• **Stored data**:
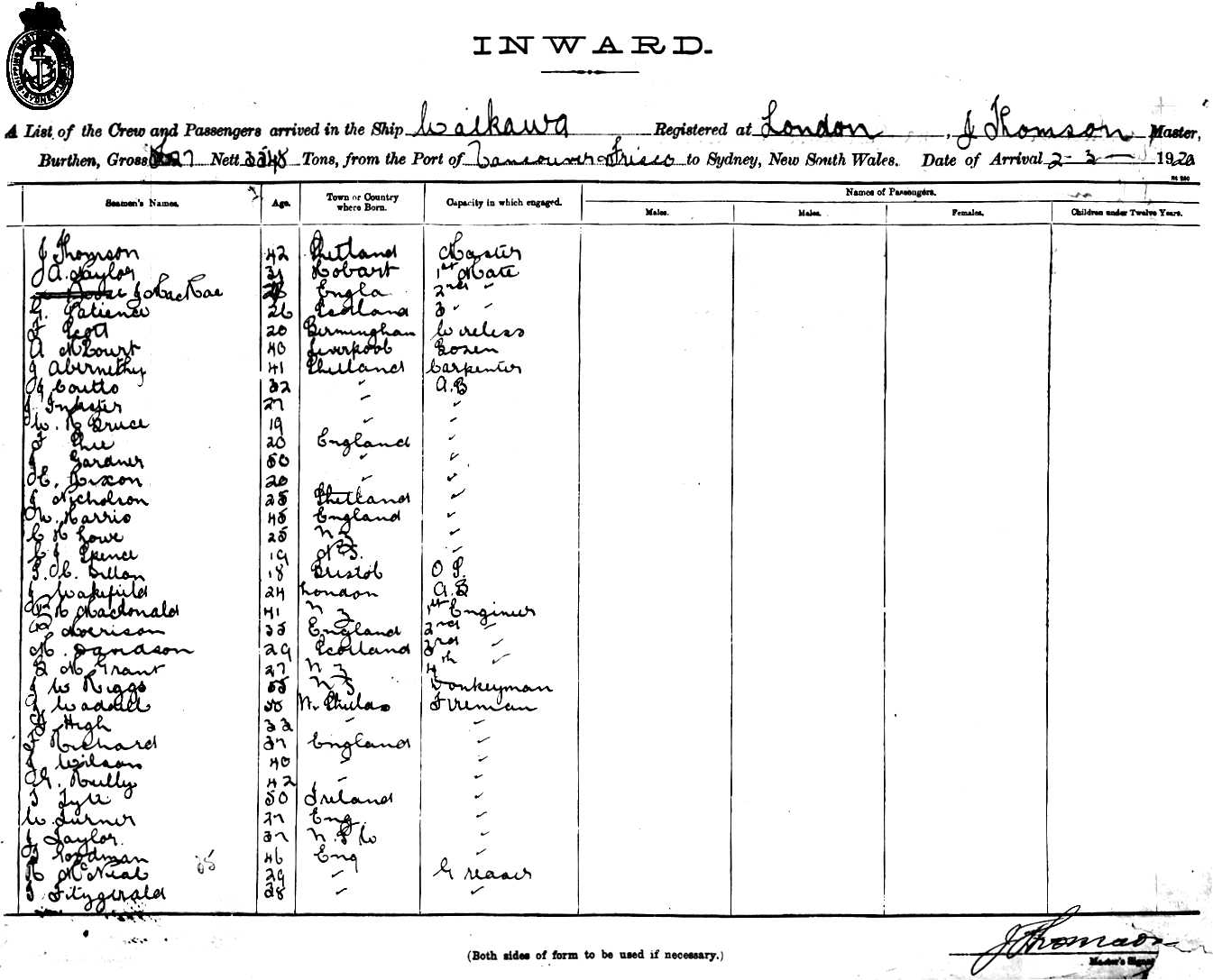 WAIKAWAOF LONDON, J. THOMSON, MASTER, BURTHEN 4027/3548 TONS FROM THE PORTS OF VANCOUVER & SAN FRANCISCO TO SYDNEY, NEW SOUTH WALES, 2ND MARCH 1920 |
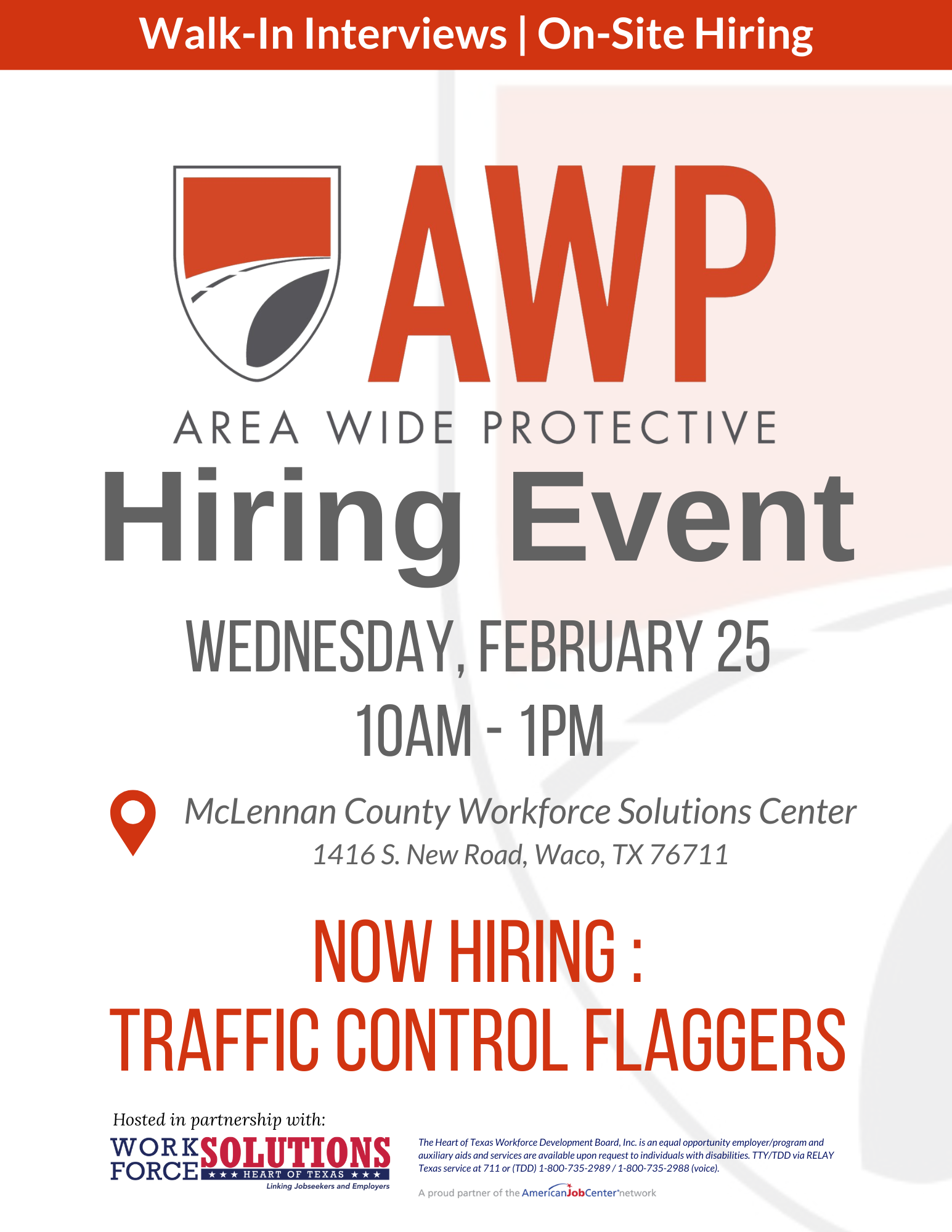 Looking to get hired? Meet representatives from Area Wide Protective (AWP) at their upcoming Hiring Event on Wednesday, February 25 at our McLennan County Workforce Solutions Center!
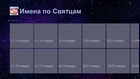 Приложение поможет выбрать имя Вашему ребенку. Выбираете месяц, выбираете день - получаете список имен святых, почитаемых в этот день. Дополнительно можете прочитать информацию об этом дне в православной истории. Есть определенные правила, согласно которым следует выбирать имя по святцам. Правильнее будет рассматривать не сам день появления малыша на свет, а восьмой по счету день с момента рождения. Выберите от даты рождения ребенка или восьмой, или сороковой день (так как на сороковой день крещение на Руси тоже допускалось). Из предлагаемого списка имеет смысл выбирать имена, наиболее созвучные с отчеством и фамилией малыша. Выбирая имя, помните, что оно наложит огромный след на его судьбу и характер. Прежде чем окончательно определиться с выбором имени, изучите его значение по всем имеющимся словарям, выберите подходящее имя ребенка по дате рождения. В дальнейшем тот календарный день, на который пришелся выбор имени новорожденного, считается днем его ангела или днем именин. В этот день принято посещать храм и молиться за здравие выбранному святому.
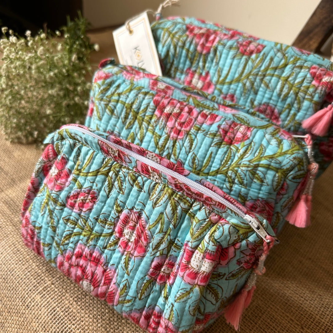 - Introducing our quilted bright cotton fabric multipurpose pouches for everyday use with colourful tassels.
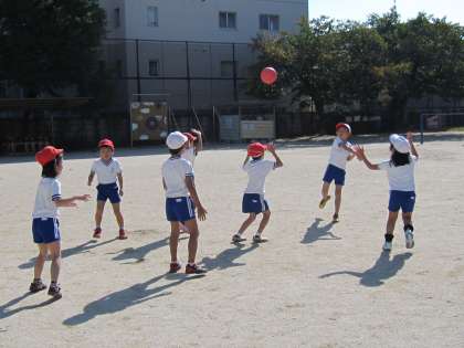 体育の時間に「ボールあそび」をしています。
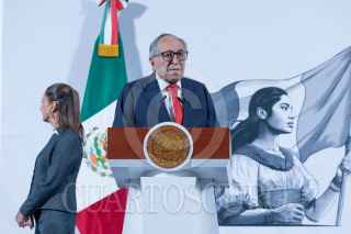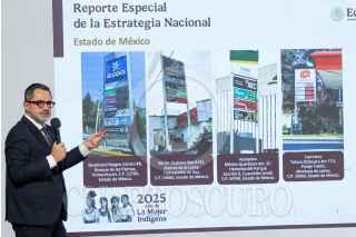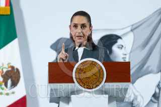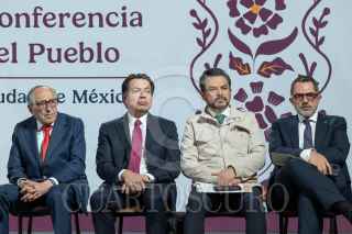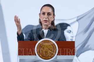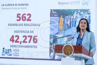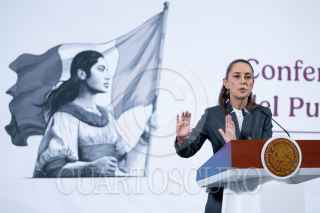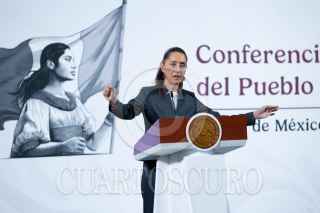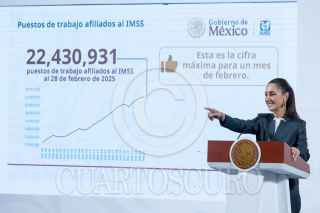 CIUDAD DE MÉXICO, 03MARZO2025.- Claudia Sheinbaum, Presidenta de México, muestra una gráfica de la creación de empleo en lo que de su gobierno durante la conferencia del pueblo en Palacio Nacional. FOTO: MOISÉS PABLO/CUARTOSCURO.COM
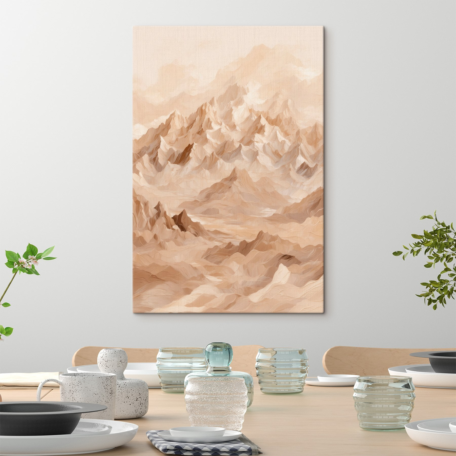 Stel je dit eens voor: een stukje natuur aan je muur. “Canvas Schilderijen Mountain Range with Many Peaks’ vangt dat moment waarop de natuur gewoon haar ding doet – majestueus, ongetemd en absoluut adembenemend. Het is alsof de bergen besloten hebben om langs te komen voor een kopje thee. De toppen lijken de hemel aan te raken en je zou zomaar een frisse bries kunnen voelen of de verre schreeuw van een adelaar kunnen horen telkens als je langsloopt. Perfect voor iedereen die houdt van een kamer met uitzicht, ook al is het een binnenpretje.
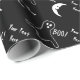 This image of a funny halloween ghost shouting boo! accompanies a happy smiling half moon. The pair of white Halloween images look great against the black background of this quality Halloween gift wrapping paper, I’m sure anyone who receives a Halloween gift wrapped in this cool and funny Halloween gift wrap will be pleasantly surprised. This is customisable spooky wrapping paper, you can personalise it with your own text.
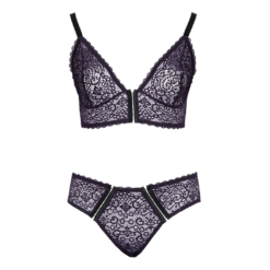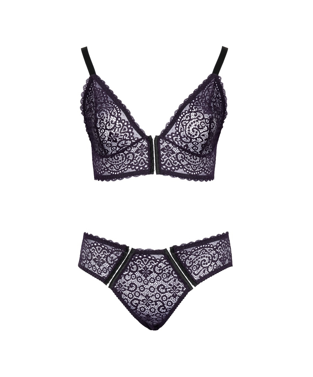 Purple soft and stretchy lace lingerie set – soft bralette and panties, both with hook front closures. Straps are adjustable.
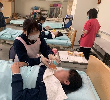 今回は、「ベッド上で行う食事の援助」として、利用者がベッドに横になったままの状況を設定し、間食としてジュースやクッキーなどを食べていただく援助を工夫しながら実施しました。
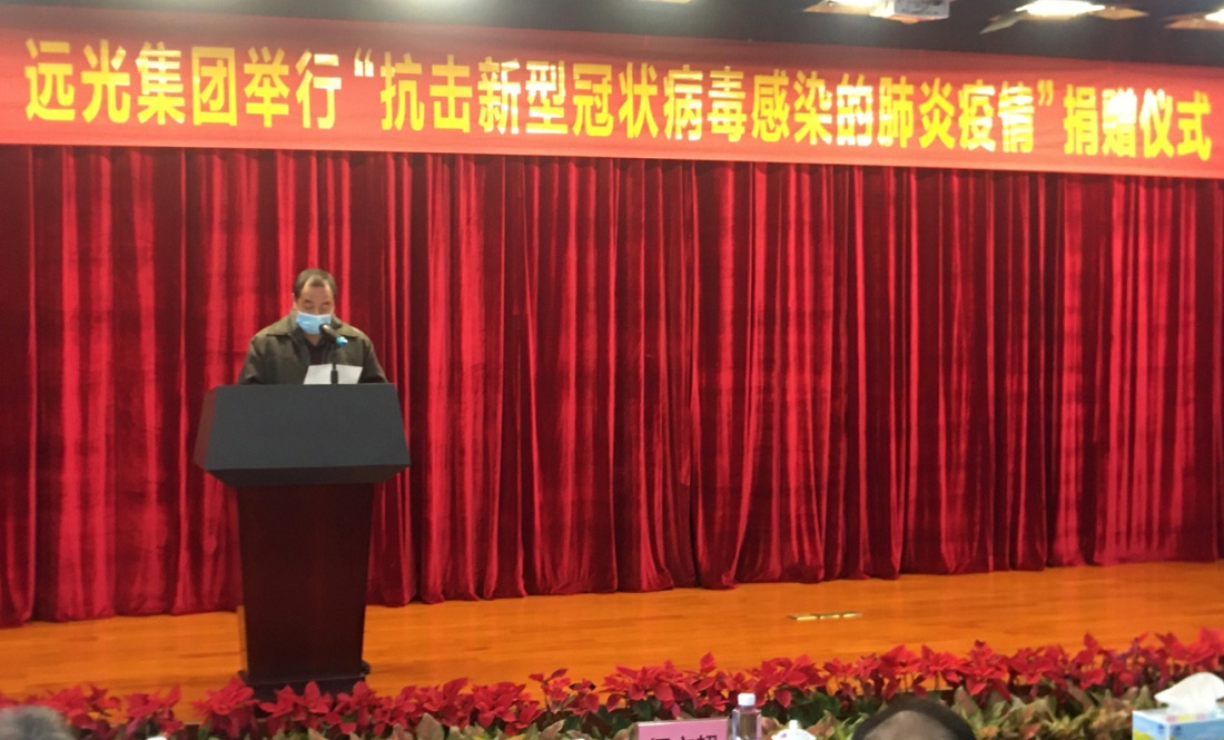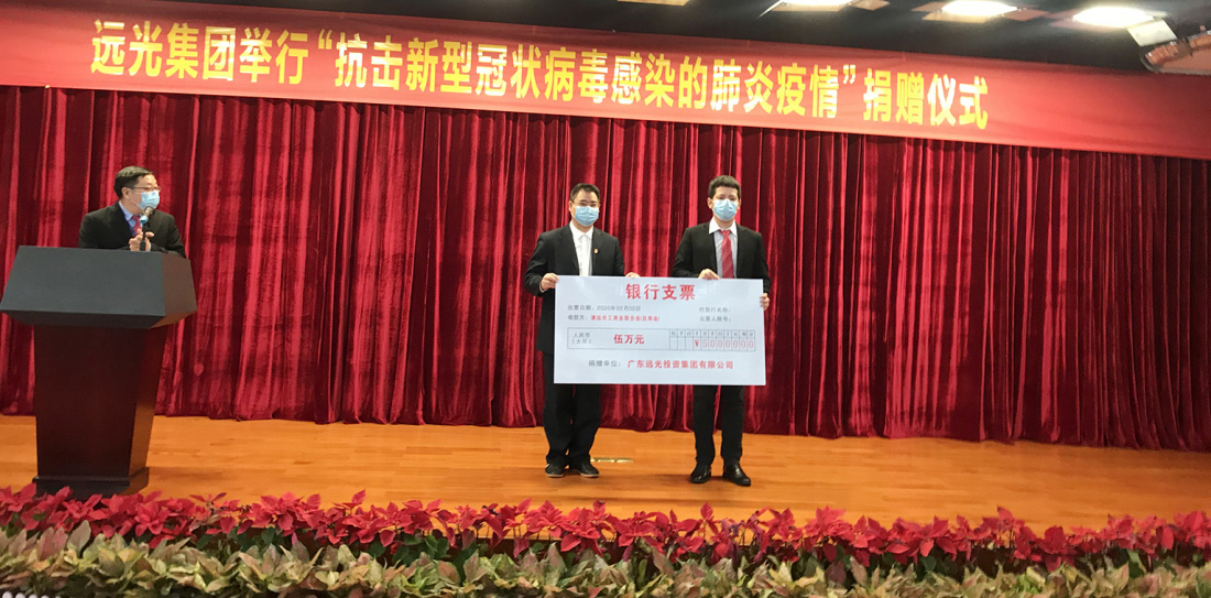 十三届全国人大代表、清远市中小企业协会会长、远光集团董事长蔡仲光致辞时首先对疫情发生以来,英勇奋战在抗疫最前线,为保护人民生命健康作出了重大贡献的广大医务工作者致以了最崇高的敬意和感谢!并表示:在疫情防控的关键阶段,前期远光集团虽已带头并发动协会会员单位通过多渠道向社会捐款捐物累计达150多万元,但做的还不够多,还应该主动担起更多的社会责任,所以再次主动捐赠100万元作为抗击新冠肺炎疫情防控专款使用(注:50万捐赠湖北省随州市作为疫情防控专款,50万捐赠清远本地作为疫情防控专款)。蔡仲光希望能为湖北和清远人民群众的生命安全尽绵薄之力,希望大家齐心协力早日战胜疫情。

• **WHAT THE EXERCISE ASKS**: None of the pictures should appear; repeat the records exactly otherwise.

• **THE COMPLETED TASK**:
 WAIKAWAOF LONDON, J. THOMSON, MASTER, BURTHEN 4027/3548 TONS FROM THE PORTS OF VANCOUVER & SAN FRANCISCO TO SYDNEY, NEW SOUTH WALES, 2ND MARCH 1920 |
 Looking to get hired? Meet representatives from Area Wide Protective (AWP) at their upcoming Hiring Event on Wednesday, February 25 at our McLennan County Workforce Solutions Center!
 Приложение поможет выбрать имя Вашему ребенку. Выбираете месяц, выбираете день - получаете список имен святых, почитаемых в этот день. Дополнительно можете прочитать информацию об этом дне в православной истории. Есть определенные правила, согласно которым следует выбирать имя по святцам. Правильнее будет рассматривать не сам день появления малыша на свет, а восьмой по счету день с момента рождения. Выберите от даты рождения ребенка или восьмой, или сороковой день (так как на сороковой день крещение на Руси тоже допускалось). Из предлагаемого списка имеет смысл выбирать имена, наиболее созвучные с отчеством и фамилией малыша. Выбирая имя, помните, что оно наложит огромный след на его судьбу и характер. Прежде чем окончательно определиться с выбором имени, изучите его значение по всем имеющимся словарям, выберите подходящее имя ребенка по дате рождения. В дальнейшем тот календарный день, на который пришелся выбор имени новорожденного, считается днем его ангела или днем именин. В этот день принято посещать храм и молиться за здравие выбранному святому.
 - Introducing our quilted bright cotton fabric multipurpose pouches for everyday use with colourful tassels.
 体育の時間に「ボールあそび」をしています。
 CIUDAD DE MÉXICO, 03MARZO2025.- Claudia Sheinbaum, Presidenta de México, muestra una gráfica de la creación de empleo en lo que de su gobierno durante la conferencia del pueblo en Palacio Nacional. FOTO: MOISÉS PABLO/CUARTOSCURO.COM
 Stel je dit eens voor: een stukje natuur aan je muur. “Canvas Schilderijen Mountain Range with Many Peaks’ vangt dat moment waarop de natuur gewoon haar ding doet – majestueus, ongetemd en absoluut adembenemend. Het is alsof de bergen besloten hebben om langs te komen voor een kopje thee. De toppen lijken de hemel aan te raken en je zou zomaar een frisse bries kunnen voelen of de verre schreeuw van een adelaar kunnen horen telkens als je langsloopt. Perfect voor iedereen die houdt van een kamer met uitzicht, ook al is het een binnenpretje.
 This image of a funny halloween ghost shouting boo! accompanies a happy smiling half moon. The pair of white Halloween images look great against the black background of this quality Halloween gift wrapping paper, I’m sure anyone who receives a Halloween gift wrapped in this cool and funny Halloween gift wrap will be pleasantly surprised. This is customisable spooky wrapping paper, you can personalise it with your own text.
 Purple soft and stretchy lace lingerie set – soft bralette and panties, both with hook front closures. Straps are adjustable.
 今回は、「ベッド上で行う食事の援助」として、利用者がベッドに横になったままの状況を設定し、間食としてジュースやクッキーなどを食べていただく援助を工夫しながら実施しました。
 十三届全国人大代表、清远市中小企业协会会长、远光集团董事长蔡仲光致辞时首先对疫情发生以来,英勇奋战在抗疫最前线,为保护人民生命健康作出了重大贡献的广大医务工作者致以了最崇高的敬意和感谢!并表示:在疫情防控的关键阶段,前期远光集团虽已带头并发动协会会员单位通过多渠道向社会捐款捐物累计达150多万元,但做的还不够多,还应该主动担起更多的社会责任,所以再次主动捐赠100万元作为抗击新冠肺炎疫情防控专款使用(注:50万捐赠湖北省随州市作为疫情防控专款,50万捐赠清远本地作为疫情防控专款)。蔡仲光希望能为湖北和清远人民群众的生命安全尽绵薄之力,希望大家齐心协力早日战胜疫情。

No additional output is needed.